Mathematical problem-solving is a critical skill that combines understanding mathematical concepts, applying algorithms, and logical reasoning to solve problems. In our exercise involving factorial simplification, problem-solving requires a step-by-step approach:

• Identify patterns or properties that can be used (for instance, recognizing that \(n\) is even allows us to rewrite the expression with \(k = \frac{n}{2}\)).

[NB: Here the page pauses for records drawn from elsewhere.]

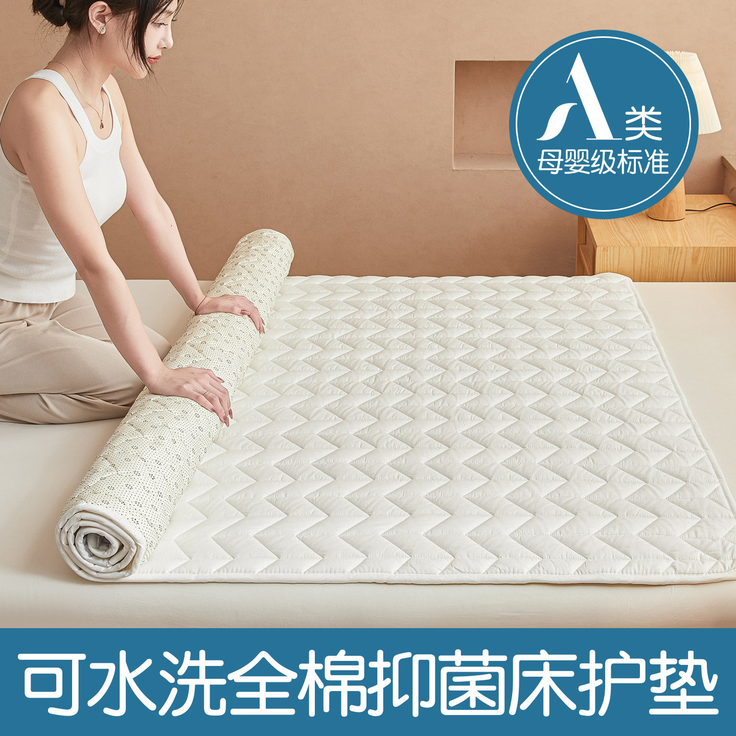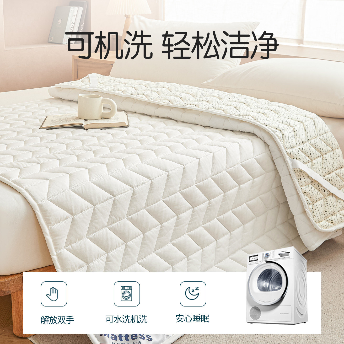 梦蔻抑菌床垫保护垫是一款集舒适、健康与实用于一体的家用床褥垫。采用优质全棉面料,亲肤透气,触感柔软,有效呵护肌肤。内置高效抑菌材质,有效抑制细菌滋生,守护家人睡眠健康。薄款设计贴合床垫,铺底稳固,防滑底面设计不易移位,使用更安心。兼具保护床垫与提升睡眠舒适度双重功能,适用于各种床型。无论是日常使用还是季节更替,都能带来洁净、干爽的睡眠体验。梦蔻抑菌床垫保护垫,以贴心设计和高品质材料,为您的家居生活增添一份安心与舒适。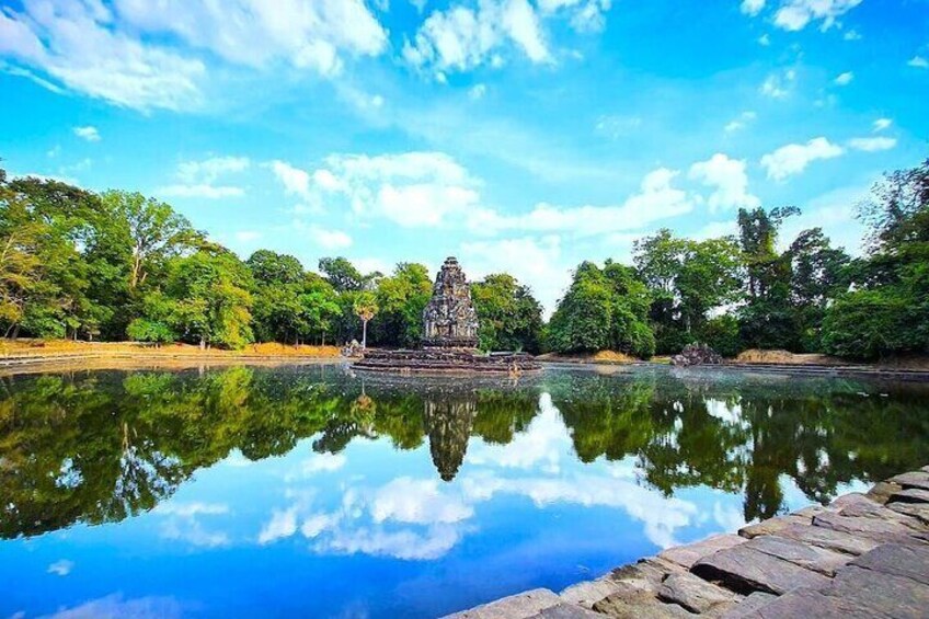 Neak Poan, also known as Neak Pean, which translates to "the entwined serpents," is an intriguing artificial island located within the Angkor Archaeological Site in Cambodia. This beautiful spot features a Hindu temple set upon a circular island in the Northern Baray, also called Jayatataka Baray, which is the last of the grand reservoirs constructed in Angkor. It is closely connected to the Preah Khan temple, built in the late 12th century in the Bayon style under the reign of King Jayavarman VII.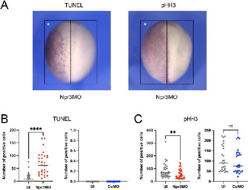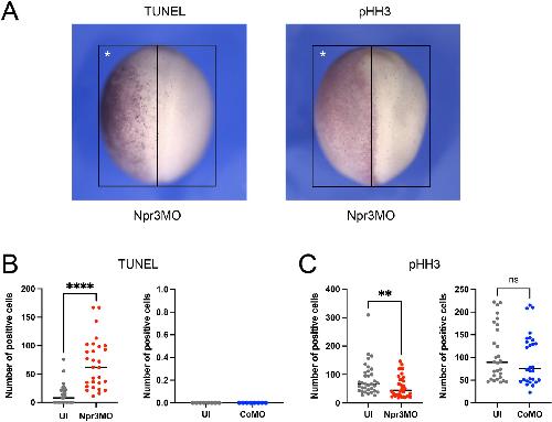 Figure 2—figure supplement 2. Npr3-depletion affects the rate of cell death or proliferation in the dorsal ectoderm.(A) Whole-mount TUNEL (left panel) and pHH3 (right panel) staining of stage 15 embryos injected with Npr3MO on the left side (asterisk). Dorsal views, anterior to top. The black boxes outline the area of the dorsal ectoderm in which TUNEL- and pHH3-positive cells were quantified for each half of the embryo. (B–C) Quantification of the number of TUNEL-positive (B) and pHH3-positive (C) cells in the dorsal ectoderm of CoMO- or Npr3MO-injected embryos comparing injected vs. uninjected sides (UI). Combined data from three biological replicates are shown. Each dot represents one embryo. p- values were calculated using paired t-test, ** p<0.0095, **** p<0.0001; ns: not significant. Note: We observed variability in the number of TUNEL-positive cells at the uninjected side. In their original report describing the dynamic of programmed cell death during Xenopus development, Hensey and Gautier, 1998 also reported considerable variation in the degree of TUNEL staining and patterns between embryos, including left-right asymmetries. The authors speculated that the presence of a fraction of TUNEL-negative embryos during gastrulation and neurulation might reflect the rapid clearance of dead cells from the embryo. |

• Break down complex expressions into simpler parts (like turning \(n!\) into a product of accessible terms).
• Utilize algebraic simplification methods, including canceling out common terms to reduce expressions to their simplest form.
• Analyze the revised expression to ensure that all possible reductions have been made.

Problem-solving exercises like simplifying factorials help develop these skills, which are applicable in various areas of mathematics and essential for academic success. In both exercises provided, a methodical simplification process leads to a clear, concise solution, embodying the essence of effective mathematical problem-solving.